Cette prise en charge collective intervient en cohérence avec le suivi individuel assuré par les personnels d’insertion et de probation. Elle permet de regrouper, de façon volontaire, des personnes condamnées pour des faits de même nature. L’objectif est de leur permettre d’avoir une réflexion commune sur le passage à l’acte et d’échanger sur leur vécu, leur positionnement et leur regard autocritique sur les actes commis. Axés sur une approche avant tout criminologique des faits, les PPR se distinguent en cela de la prise en charge thérapeutique assurée par les équipes médicales en milieu fermé ou en milieu ouvert.
Le SPIP de Charente Maritime s’est rapidement inscrit dans ce projet, ses équipes ayant fait part dès 2004 de leur volonté de travailler une telle méthodologie d’intervention face à des problématiques de déni très fréquentes en cas d’infraction de nature sexuelle ou de conduite sous état alcoolique, lesquelles semblaient dans certains cas être amplifiées en phase d’entretien individuel.

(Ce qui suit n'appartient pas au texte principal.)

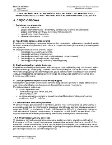 EKOSAN – PROJEKT Budowa Stacji Uzdatniania Wody ze studniami Leszek Sprawa głębinowymi w Krojantach 85 – 796 Bydgoszcz -------------------------------------------------------------------------------------------------------------------------------------------------------------------------- OPIS TECHNICZNY DO PROJEKTU BUDOWLANO – WYKONAWCZEGO WEWNĘTRZNEJ INSTALACJI WOD – KAN. ORAZ WENTYLACJI W BUDYNKU SUW w KROJANTACH A. CZĘŚĆ OPISOWA 1. Podstawa opracowania - zlecenie ,Inwestora, projekt architektoniczno – budowlany opracowany w formie elektronicznej, projekt technologiczny SUW z wytycznymi branżowymi, uzgodnienia międzybranżowe, obowiązujące normy i przepisy 2. Przedmiot i zakres opracowania Przedmiotem niniejszego opracowania jest projekt budowlano - wykonawczy instalacji wentylacji oraz wewnętrznej instalacji wod. – kan. w budynku technologicznym stacji wodociągowej w Krojantach. W szczególności zakresem projektu objęto: - instalację do osuszania powietrza, - instalację wentylacji grawitacyjnej, - instalację wentylacji mechanicznej wywiewnej zorganizowanej, - instalację wody zimnej i ciepłej użytkowej, - instalację wewnętrznej kanalizacji technologicznej. 3. Ogólna charakterystyka budynku Projektowany obiekt jest budynkiem wolnostojącym, o jednej kondygnacji nadziemnej, wykonany w technologii tradycyjnej z dachem dwuspadowym krytym blachą dachówkopodobną. Wewnątrz znajduje się hala technologiczna, gdzie zlokalizowano instalację do uzdatniania wody, pomieszczenie agregatu prądotwórczego do awaryjnego zasilania w energię elektryczną oraz chlorownia. 4. Opis projektowanej instalacji wentylacyjnej Szczegółowe parametry techniczne i ciśnienia dyspozycyjne podano w części obliczeniowej oraz kartach katalogowych dołączonych do projektu i w części rysunkowej. Przyjęte założenia wyjściowe: • kubatura pomieszczeń: - hala technologiczna filtrów 256,3m3, - chlorownia 24,7m3. • wymagana zawartość wilgoci w powietrzu w hali filtrów (technologicznej) poniżej punktu rosy tR=8OC, x=6g/kg 4.1. Mechaniczne osuszanie powietrza W celu uniknięcia powstawania w hali filtrów „punktu rosy” i wykraplania się pary wodnej z powietrza, projektuje się mechaniczne osuszanie powietrza za pomocą osuszacza sorpcyjnego typu DHM 11 o wydajności 1,1kg/h i ilości powietrza 360m3/h w obudowie z blachy ze stali nierdzewnej. Agregat zamontowany na wsporniku ze stali 1.4301 na wysokości 1,5m i wyposażony we wbudowaną rozdzielnicę elektryczną oraz higrostat mechaniczny. 4.1.1. Organizacja wymiany powietrza W osuszanej hali technologicznej zastosowano system wymiany powietrza „dół”/„góra”. Poddawane obróbce powietrze procesowe zasysane jest wewnątrz hali na wysokości 1,5m natomiast powietrze suche wyrzucane będzie proporcjonalnie górą pod powierzchnią stropu na wysokości około 3,4m. Wylot powietrza wilgotnego nastąpi na zewnątrz budynku możliwie jak najdalej od zasysania powietrza regeneracji. 1 Projekt budowlano – wykonawczy Wod - kan. + wentylacja EKOSAN – PROJEKT Budowa Stacji Uzdatniania Wody ze studniami Leszek Sprawa głębinowymi w Krojantach 85 – 796 Bydgoszcz -------------------------------------------------------------------------------------------------------------------------------------------------------------------------- 4.1.2. Sieć kanałów wentylacyjnych Zasysanie powietrza procesowego następuje bezpośrednio do osuszacza króćcem ø125 z siatką. Rozprowadzenie powierza osuszonego nastąpi kolektorem wentylacyjnym ø125/ø80 z kratkami nawiewnymi 325x75mm do montażu typu Spiro pod stropem hali technologicznej. Kratki wyposażone w kierownice i przepustnice regulacyjne. Wyrzut powietrza wilgotnego nastąpi na zewnątrz budynku SUW kanałem ø80/100. Powietrze do regeneracji zasysane będzie z zewnątrz kolektorem ø100/80. Na wylocie powietrza zużytego oraz wlocie regeneracji zastosowano dzielone na zakład maskownice ścienne 150x150/ø100mm. Wszystkie kanały i kształtki wentylacyjne należy wykonać z rur Spiro i blachy stal 1.4301 gr. min 0,5mm. Kolektor powietrza zużytego ocieplić warstwą pianki poliuretanowej gr. 3-5cm w otulinie z blachy stalowej 1.4301 gr. 0,5mm. Kanały montowane na dwustronne obejmy z uszczelką i mocowane do wsporników i ścian za pomocą śrub i kołków rozporowych stal k.o. 4.1.3. Automatyka i sterowanie Przyjęto automatyczną pracę agregatu, który będzie włączany lub wyłączany za pomocą higrostatu mechanicznego zainstalowanego na wysokości 1,5m od poziomu posadzki, w zależności od nastawy. Przy osiągnięciu zadanego poziomu wilgotności agregat załączy się a siłowniki elektryczne zamkną przepustnice wywietrzaków grawitacyjnych w dachu hali. Wentylacja grawitacyjna zacznie działać po osuszeniu pomieszczenia, gdy czujnik wilgotności wyłączy agregat i otworzą się przepustnice. Ponowny start osuszacza powoduje zamknięcie przepustnic. Na etapie rozruchu SUW sprawdzić czy automatyczne przełączenie SZR w przypadku zaniku napięcia na zasilanie rezerwowe z agregatu jest wystarczająco szybkie do podtrzymania automatyki osuszacza. Jeżeli nie, to każdorazowo należy ręcznie załączyć agregat. Osuszacz włączony jest do sieci przewodem 230V/50Hz z wtyczką, zabezpieczenie prądowe I=10A. 4.2. Wentylacja hali technologicznej SUW Zaprojektowano grawitacyjną wentylację hali filtrów. Powietrze zewnętrzne sprowadzane będzie do wewnątrz budynku nad posadzkę czterema nawietrznikami podokiennymi z filtrem i kratkami żaluzjowymi o przekroju 100x200mm każdy. Do usuwania powietrza z hali przewidziano dwa wywietrzaki dachowe typu A ø250 zamontowane na podstawach dachowych B/III z regulowaną przepustnicą, które będą sterowane przez osuszacz powietrza. Kolektory w połaci dachowej wykonać rurami PVC ø250 , izolowanymi termicznie wełną mineralną klasy LM80 gr. min 5cm pod płaszczem z folii aluminiowej gr. 0,5mm w sposób nie 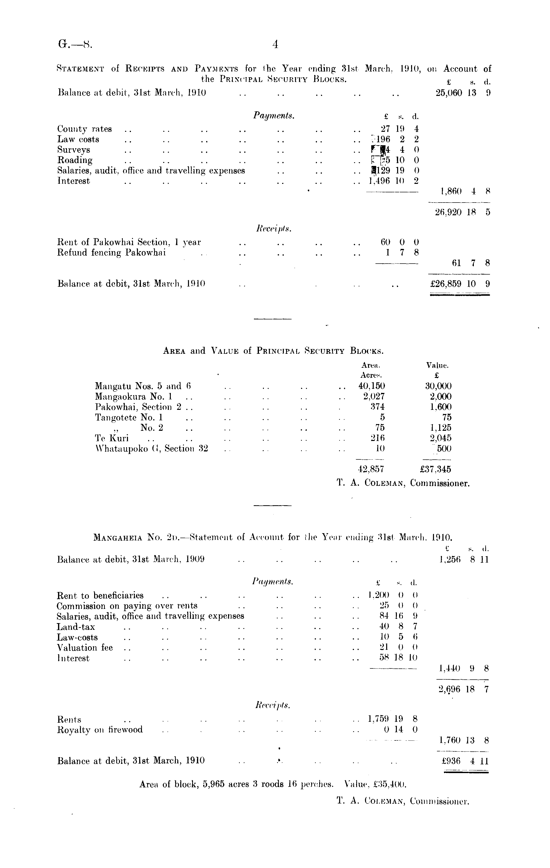 Mangahela No. 2d. Statement of Account for the Year ending 31st March, 1910. £ s. (I. Balance at debit, 31st March, 1909 .. .. .. .. .. J. 256 8 11 Payments. £ s. d. Rent to beneficiaries .. .. .. .. .. .. 1,200 0 0 Commission on paying over rents .. .. .. .. 25 0 0 Salaries, audit, office and travelling expenses .. .. .. 84 l(i !i Land-tax .. .. .. .. ■ • .. .. 40 8 7 Law-costs .. .. • ■ • • • • • • •. 10 5 6 Valuation fee .. .. .. .. .. .. .. 21 0 0 ! merest .. .. .. .. .. .. .. 58 18 10 1,440 9 8 2,696 18 7 Receipts. Rents .. ■ ■ .. .. • • •• 1,759 19 8 Royally on firewood .. .. .. ■• .. .. 014 0 1,760 13 8 Balance at debit, 31st March, 1910 . . .«. . . . . . . £936 411 Area of block, 5,965 acres 3 roods 16 perches. Value, £35,400. T. A. Coleman, Commissioner.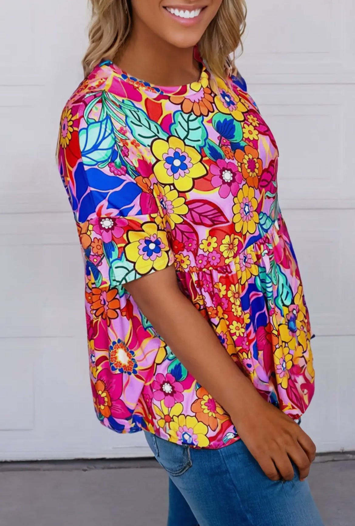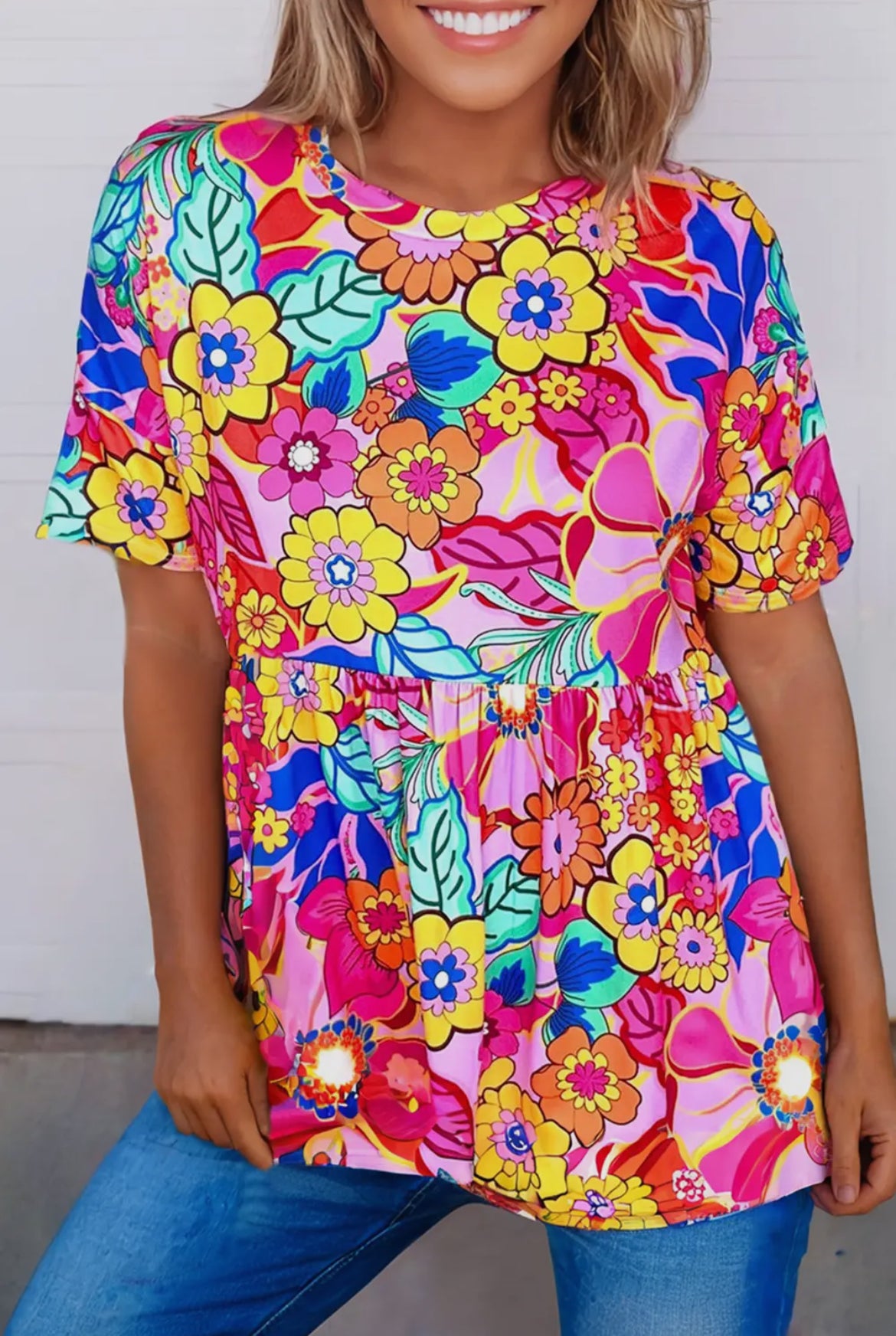 This abstract short sleeve floral babydoll top is the perfect addition to your wardrobe. Made with a comfortable polyester and spandex mix, this top offers some stretch for a flattering fit. Pair it with jeans and sandals for a stylish and effortless look.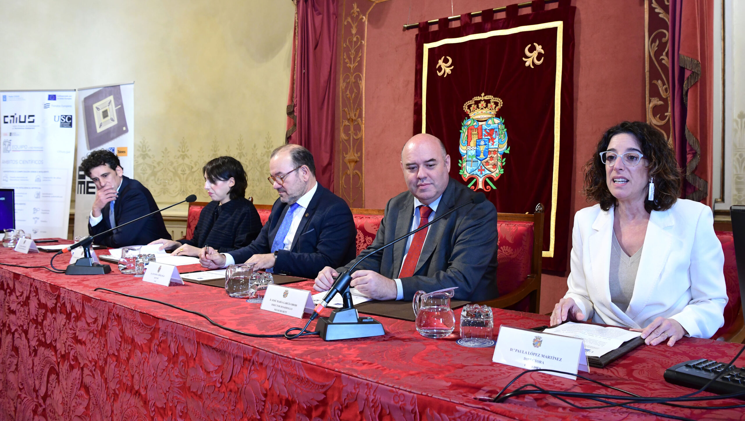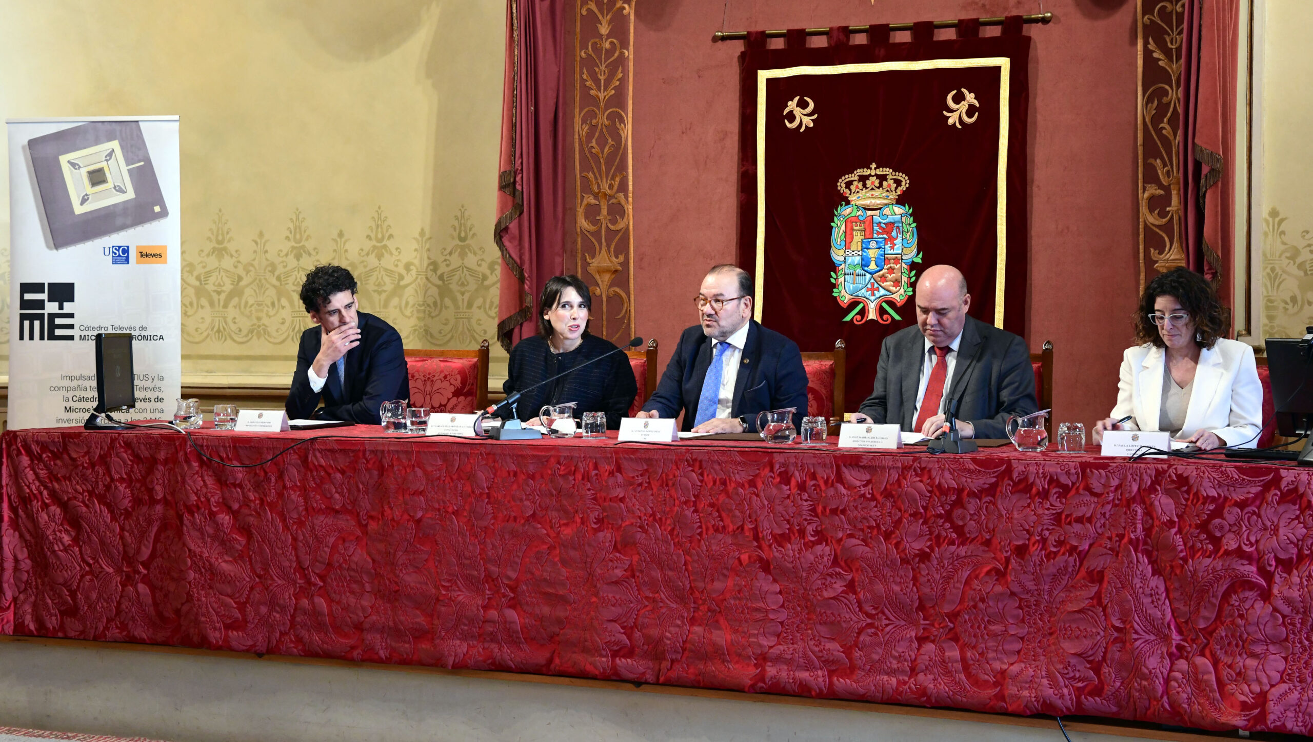 El acto congregó a diferentes representantes del sector público y privado: por un parte, los responsables de ejecución del proyecto: la propia Paula López y el director ejecutivo (CEO) de la Corporación Televés, Gonzalo Redondo. Por otra, el rector de la USC, Antonio López, que actuó como anfitrión de esta presentación; José María García Orois, director de Desarrollo de Negocio de la Sociedad Española para la Transformación Tecnológica (SETT); y María Jesús Lorenzana, Conselleira de Economía e Industria de la Xunta de Galicia -entre otros representantes del ecosistema científico y tecnológico gallego-.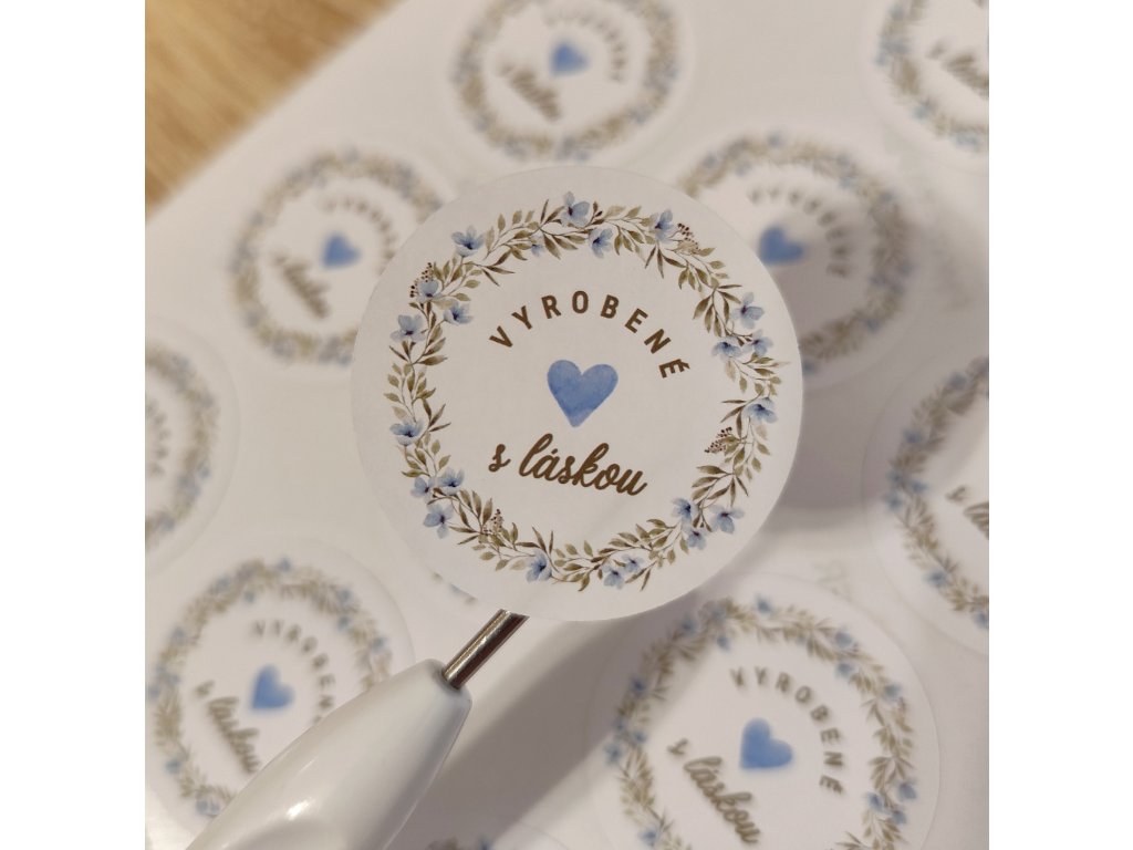 Jemné a elegantné nálepky s textom „Vyrobené s láskou“, ktoré dodajú každému baleniu osobný a poctivý nádych.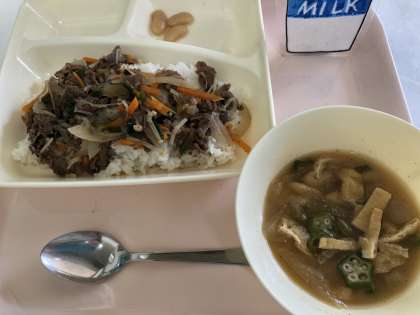 牛丼 とうがんのみそ汁 大福豆の煮もの 牛乳

En milieu fermé, à Saint-‐Martin-‐de-‐Ré, dès 2009, les conseillers d’insertion et de probation (CIP) ont souhaité développer un PPR à destination de personnes condamnées pour des faits de violence dans une acception très large pouvant aller du vol avec violence à l’assassinat, en excluant les personnes condamnées pour infraction à caractère sexuel. Suite à la désignation des établissements de St-‐Martin de Ré et de Bédénac comme spécialisés dans la prise en charge des AICS, les programmes suivants ont donc été orientés vers ce nouveau public. Un PPR dans le centre de détention (2010) et deux au sein de la maison centrale ont été mis en œuvre (en 2011 et 2013).
En milieu ouvert, la prise en charge essentiellement individuelle des personnes peut par ailleurs ê̂tre complétée par des actions collectives sur des thématiques communes à un ou plusieurs types d’infractions. A partir d’un constat d’accroissement des infractions telles que les délits routiers ou des conduites addictives facilitant les passages à l’acte pour des faits de violences, le SPIP 17 a souhaité travailler en partenariat étroit avec l’association nationale de prévention en alcoologie et addictologie de Charente-‐Maritime (ANPAA 17).
La mission de prévention de la récidive a donc profondément réformé l’intervention du SPIP. Elle a également eu un impact sur son environnement partenarial sur le plan institutionnel, évolution renforcée par les nombreuses réformes procédurales et nouvelles mesures dont il doit assurer l’exécution, notamment en phase de probation.